------ MATERIAL FOR THIS TASK ------
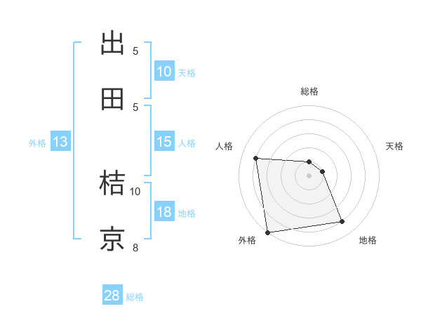 出田 桔京さんの外格は13画の5点!
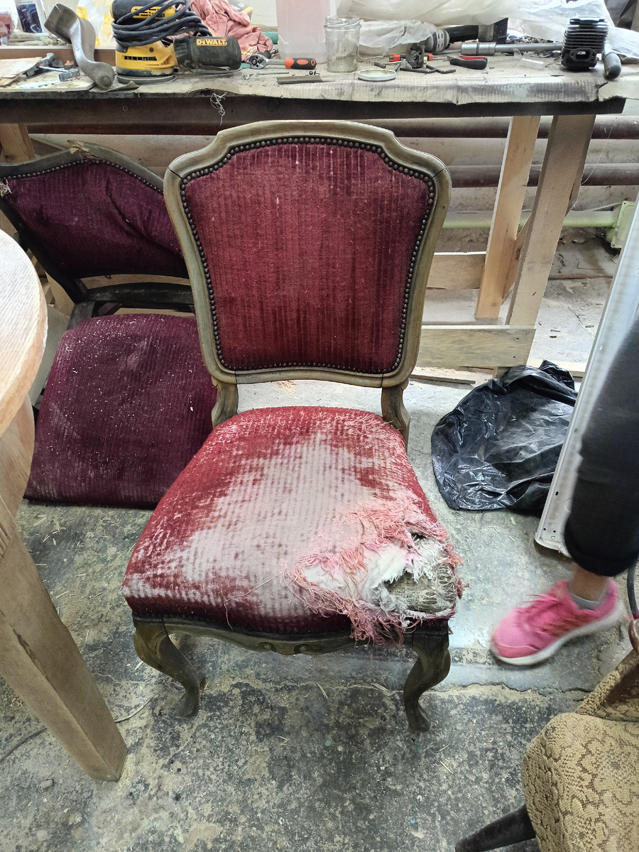 Этого малыша мы, как водится, нашли в "бутике") Внешний вид выдавал европейские (румынские) корни и ощущение, что жизнь помотала его знатно)) Сколько он нас ждал в том неиссякаемом источнике вдохновения - неизвестно, но красота и какое - то внутреннее благородство призвало нас вернуть его к жизни. Вынули старые гвозди, старую шкурку-ткань, вытащили порядком увядшее внутреннее наполнение, выловили моль))) Деревянные детали разобрали, вычистили, вышлифовали, сняли пыль десятилетий и открылся нам бук во всей своей красе. Как будто сама суть его, наконец, проступила! От того решили ничем не красить, а просто покрыть лаком. И заиграло дерево естественными оттенками. Собрали. Пружину вымочили в ортофосфорной кислоте, прибили новые стропы (машинные ремни безопасности подошли как нельзя лучше), уложили подкладку. Затем был поиск нового лица - облицовочной мебельной ткани, которая бы соответствовала духу дерева. И ткань волшебным образом нашлась именно того размера, именно того цвета и эпохи. А
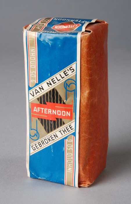 Blauw, papieren label VAN NELLE AFTERNOON THEE, 500 ...
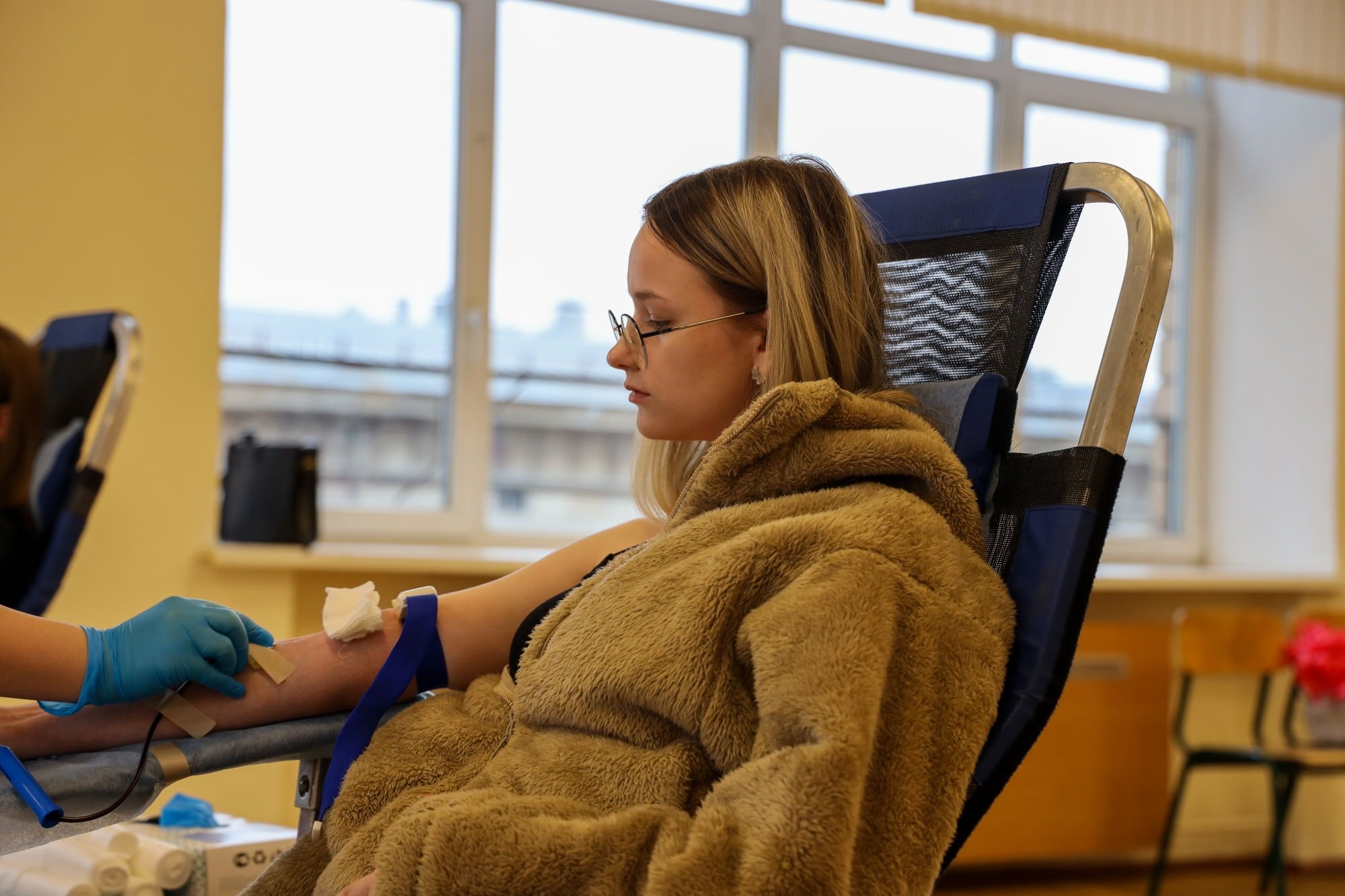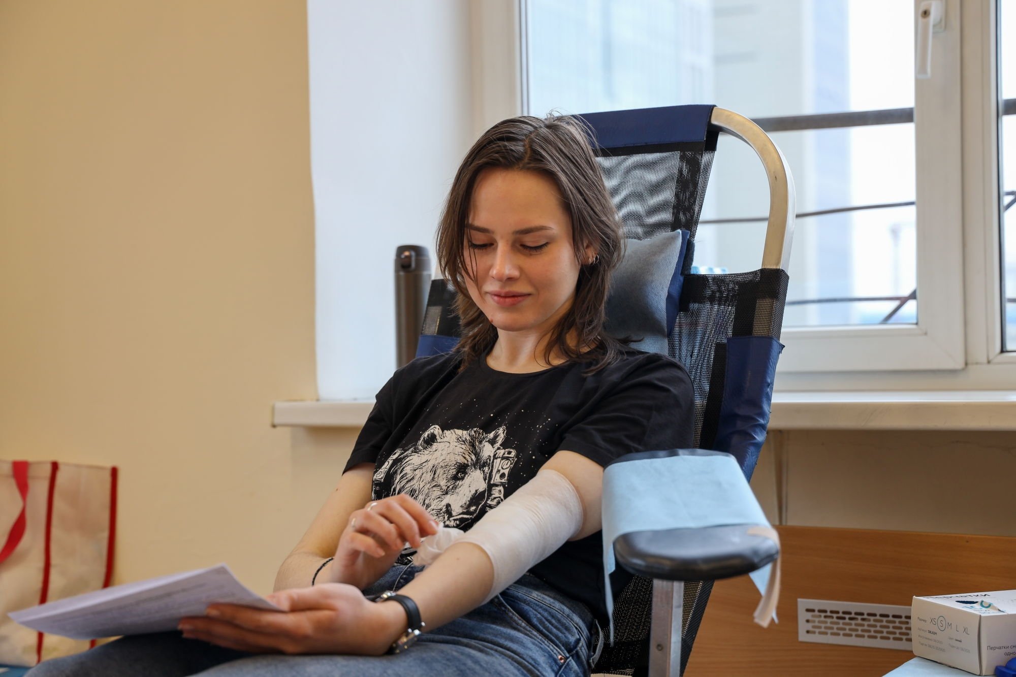 — Одна из важных частей подготовки — распространение информации, чтобы студенты и сотрудники знали о возможности сдать кровь прямо на месте работы, учёбы, — рассказывает руководитель Волонтерского корпуса Лолита Тулькибаева. — Всю прошлую неделю мы проводили информационную кампанию, раздавали листовки в холле первого этажа, писали посты в соцсетях. Видимо, сработали мы хорошо: рекордное количество желающих! Что ещё радует: никто не упал в обморок!
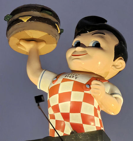 | (Big Boy) at Big Boy Restaurant S. of West Branch, West Branch Township, Ogemaw County, MI. Cook Rd. N. 0.3 miles from jct with I75 exit 212 S. of West Branch to the statue on the E. side of the road at 2981. (N44 14.967 W84 13.507) Photo by Mark Comstock 11-10-24. |
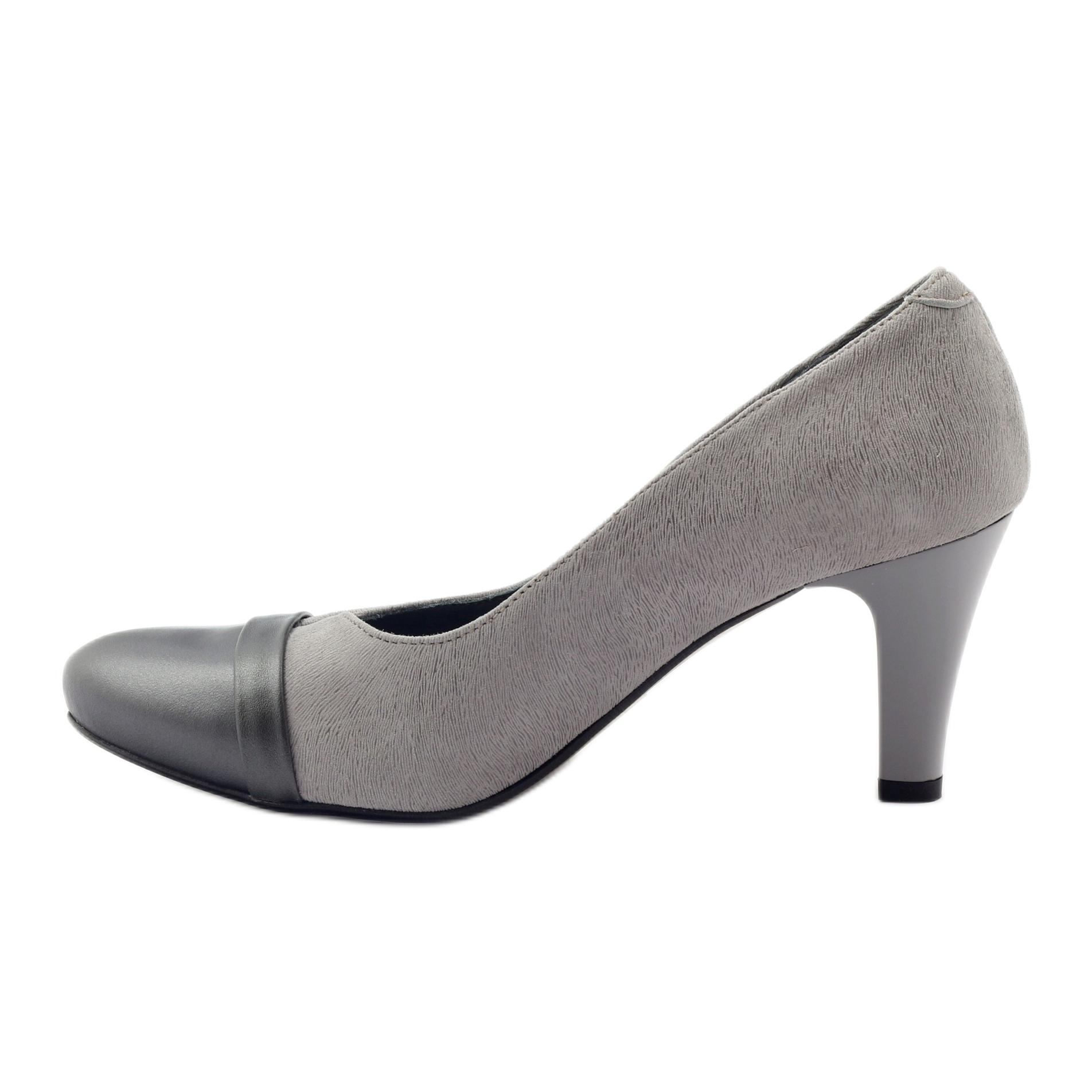 Los zapatos de salón clásicos de la marca polaca Espinto en un color gris universal son una propuesta que quedará bien tanto en el trabajo como en las celebraciones. Confeccionadas íntegramente en piel natural con un delicado acabado en relieve, combinan elegancia con el confort diario.
------
TASK ITEM: Omitting the images, output each record precisely as written.

SOLUTION FOR THIS EXERCISE:
 出田 桔京さんの外格は13画の5点!
 Этого малыша мы, как водится, нашли в "бутике") Внешний вид выдавал европейские (румынские) корни и ощущение, что жизнь помотала его знатно)) Сколько он нас ждал в том неиссякаемом источнике вдохновения - неизвестно, но красота и какое - то внутреннее благородство призвало нас вернуть его к жизни. Вынули старые гвозди, старую шкурку-ткань, вытащили порядком увядшее внутреннее наполнение, выловили моль))) Деревянные детали разобрали, вычистили, вышлифовали, сняли пыль десятилетий и открылся нам бук во всей своей красе. Как будто сама суть его, наконец, проступила! От того решили ничем не красить, а просто покрыть лаком. И заиграло дерево естественными оттенками. Собрали. Пружину вымочили в ортофосфорной кислоте, прибили новые стропы (машинные ремни безопасности подошли как нельзя лучше), уложили подкладку. Затем был поиск нового лица - облицовочной мебельной ткани, которая бы соответствовала духу дерева. И ткань волшебным образом нашлась именно того размера, именно того цвета и эпохи. А
 Blauw, papieren label VAN NELLE AFTERNOON THEE, 500 ...
 — Одна из важных частей подготовки — распространение информации, чтобы студенты и сотрудники знали о возможности сдать кровь прямо на месте работы, учёбы, — рассказывает руководитель Волонтерского корпуса Лолита Тулькибаева. — Всю прошлую неделю мы проводили информационную кампанию, раздавали листовки в холле первого этажа, писали посты в соцсетях. Видимо, сработали мы хорошо: рекордное количество желающих! Что ещё радует: никто не упал в обморок!
 | (Big Boy) at Big Boy Restaurant S. of West Branch, West Branch Township, Ogemaw County, MI. Cook Rd. N. 0.3 miles from jct with I75 exit 212 S. of West Branch to the statue on the E. side of the road at 2981. (N44 14.967 W84 13.507) Photo by Mark Comstock 11-10-24. |
 Los zapatos de salón clásicos de la marca polaca Espinto en un color gris universal son una propuesta que quedará bien tanto en el trabajo como en las celebraciones. Confeccionadas íntegramente en piel natural con un delicado acabado en relieve, combinan elegancia con el confort diario.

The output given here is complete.